As a 2013-14 John S. Knight Journalism Fellow at Stanford University, Smith says she's spent "an incredible year of being nurtured and learning here." She has taken classes at the Graduate School of Business, the Institute of Design and other university departments while developing the idea of HRDCVR as her fellowship project.

Elliott Wilson, based in New York, is the founder of the influential RapRadar.com and has a web series called The Truth on Jay Z's Life + Times YouTube channel. He is also the host of CRWN, a live interview series that has quickly become rap's answer to Inside The Actor's Studio.
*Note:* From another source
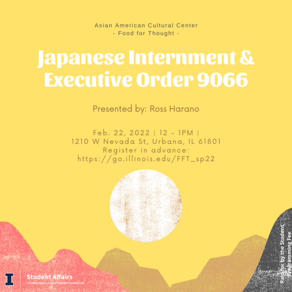 - Food for Thought, part of the Office of Inclusion and Intercultural Relation's Lunch on Us series, is a weekly noontime discussion focused on topics relevant to the Asian American community. Past discussions include topics such as nutrition, mental health, sexual health, and media representation of Asian Americans. For a full list of speakers, please visit: https://oiir.illinois.edu/aacc/our-programs/food-thoughtRSVP required - go.illinois.edu/FFT_sp22Paid for by the Student Cultural Programming Fee

Though the couple have been married for almost nine years and both have been heavily involved in the world of music for more than two decades, it's significant and surprising to note that HRDCVR is their first media collaboration.

"We've always competed," Smith laughs. "When he was the editor-in-chief at XXL, I was the editor-in-chief at Vibe. When he was the music editor at The Source, I was the music editor at Vibe — so it hasn't been pretty."

The idea behind HRDCVR is to create a magazine with special permanence in this digital age, something that could easily be mistaken for a beautiful coffee table book. 

"We’re thinking about dry-transfer and dye-transfer," Smith and Wilson write in their Kickstarter campaign that they hope will make the project a stunning reality. "Art hand-colored, and handwritten. Bespoke typefaces Garamond-y and Le Monde and Bauhaus and bow wow wow. We're thinking about metaphoric lettering. Memento mori. Emblems. Iconography. Poster styles. Stencil. Massive bylines. Text as image. Sticker paper. Monumentality. Entire stories built in pull-quote. Wide-width satin ribbon bookmark. Matte paper and glossy paper, at the same damn time."

"A lot of writers haven't had the experience of being an editor and a lot of writers haven't had the experience of seeing their name printed on beautiful paper or having a meeting with an art illustrator," says Smith. "We know what that feels like and we want more people to be able to experience and feel that as well."

HRDCVR is not intended to explicitly be a music magazine, though it will be a natural component to the project. "We believe one can adore DJ Snake and Cloud Nothings and Gerardo Ortiz and Nicki Minaj and still want to get deep into how things are moving at the protests in Venezuela, want to know who the humans are behind the net neutrality battles, want to prep for the 2016 elections."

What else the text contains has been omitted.